Zwei Wochen habe ich nicht mehr auf dem Fahrrad gesessen. Freue mich auf die Weiterfahrt. Die ersten 200 km durch die Halbwüste lege ich mit dem Bus zurück. Bei der Fahrt zum 10 km außerhalb des Zentrums liegendem Busterminal bin ich erstaunt über den geringen Verkehr. Etwas später höre ich, dass an diesem Tag Khomenis Todestag ist, ein Feiertag. Am übernächsten Tag wäre Freitag, damit ist der Brückentag Donnerstag auch frei. Fast alle Läden sind geschlossen, auf dem Bau und in kleinen Handwerksbetrieben am Straßenrand wird gearbeitet.
Im Bus gibt es mehr Passagiere als Sitzplätze. Ich erhalte den Platz vorne, direkt neben dem Fahrer. Kann wunderbar hinausschauen, bekomme aber auch die Schrecken des Verkehrs mit. Das meternahe Auffahren ist das Unangenehmste.
In vielen Orten stehen auf dem Mittelstreifen Bildtafeln von den Gefallenen des grausamen Krieges Irak-Iran.

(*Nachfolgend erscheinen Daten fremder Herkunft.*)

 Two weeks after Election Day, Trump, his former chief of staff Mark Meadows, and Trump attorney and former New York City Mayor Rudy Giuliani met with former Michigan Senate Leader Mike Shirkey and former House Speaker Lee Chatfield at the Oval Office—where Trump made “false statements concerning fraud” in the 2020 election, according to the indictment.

Der Bus fährt auf der Hauptstraße nach Shiraz. Ich steige mittags aus und nehme eine Nebenstraße dorthin. Es sind ca. 360 km. Es fühlt sich gut an wieder auf dem Fahrrad zu sitzen, anfangs. Mein ständiger Widersacher ist bereits da und er bläst zusehends kräftiger. Meine Geschwindigkeit reduziert sich teilweise auf Fußgängertempo. Im Ort Eqlid, nach nur 20 km, gebe ich das Weiterfahren auf und hoffe auf bessere Wetterbedingungen am nächsten Morgen. Habe Glück, im Ort gibt es ein einfaches Hotel. Draußen höre ich den Wind heulen.

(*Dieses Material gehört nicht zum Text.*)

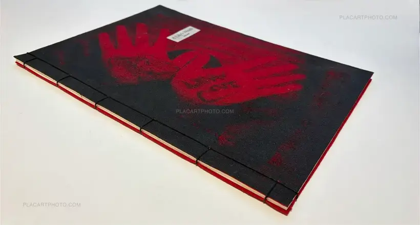 The pages are risograph printed using Japanese soy ink on Awagami, Washi and recycled paper. They are bound in the traditional Japanese stab-binding method and sewn with waxed thread. The covers are constructed from hand-cut and hand-glued Noren hemp fabric, screen printed with acrylic ink.

Die Verständigung wird schwieriger. Englisch spricht kaum einer. Ich habe nicht herausbekommen ob und wann es am nächsten Tag Frühstück gibt. Die Bestellung des Abendessens mit meinem Gerichtezettel ist nicht einfach, da die Gerichte in lateinischer Schrift und nicht auf persisch angegeben sind. Beim Vorlesen wird meine Betonung kaum verstanden. Klappt aber trotzdem. Ich erhalte Reis mit Spinat-Bohnenmischung und ein paar Brocken Fleisch darin. Frühstück erhalte ich am nächsten Morgen nicht. Der Rezeptionist, der hinter dem Desk auch schläft, gibt mir von seinem dünnen Fladenbrot zusammen mit dem üblichen weißen Cremkäse etwas ab.
Es ist fast Windstill, und das ist gut. Fahre kontinuierlich in die Höhe. Auf meiner Karte ist ein Pass von 2750 m Höhe eingetragen. Habe das Glück 200 m tiefer durch einen neuen Tunnel fahren zu können und spare damit eine steile Auffahrt. Durchfahre nach der Abfahrt ein weizengrünes Tal. Überall höre ich das tuckern der Motorpumpen zur Bewässerung. Es gibt sehr viele davon. Wie lange das Grundwasser da wohl mithält. Dazwischen und in der Höhe liegen weite trockene Flächen, auf denen die Schafe und Ziegen weiden. Am späten Nachmittag, nach dem Überqueren einer weiteren trockenen Hügelkette, schaue ich mich nach einem etwas geschützten Schlafplatz um. Es ist nicht einfach in dieser Felderlandschaft. Überall wo Bäume oder Büsche stehen ist eine laute Pumpstation. An einem Pumphäuschen mit leisem elektrischen Antrieb unter zwei Bäumen schlage ich mein Zelt auf. Anfangs bin ich alleine, dann kommt ein Arbeiter von irgendwo her. Er wohnt im Pumphäuschen. Anschließend fährt ein Traktor vor, ein Auto und ein Moped. Alle fahren hinein in den kleinen Feldweg. Obwohl ich ohne zu fragen hier mein Lager aufgeschlagen habe, werde ich mit Freuden begrüßt. Sie verlassen nach einer Besprechung wieder das Pumphäuschen. Ich bin alleine und bereite mir mein Abendessen, Bulgur mit Zwiebeln, vor. Schaue in die Abenddämmerung. Es ist eine friedliche beruhigende Stimmung. Die spätere Einladung zu Wurst und Zwiebeln vom Arbeiter, er ist Afghane, lehne ich dankend ab. Habe das Gefühl, er ist ein wenig sauer darüber.
Verziehe mich mit der Dunkelheit ins Zelt. Ein stürmischer Wind kommt auf.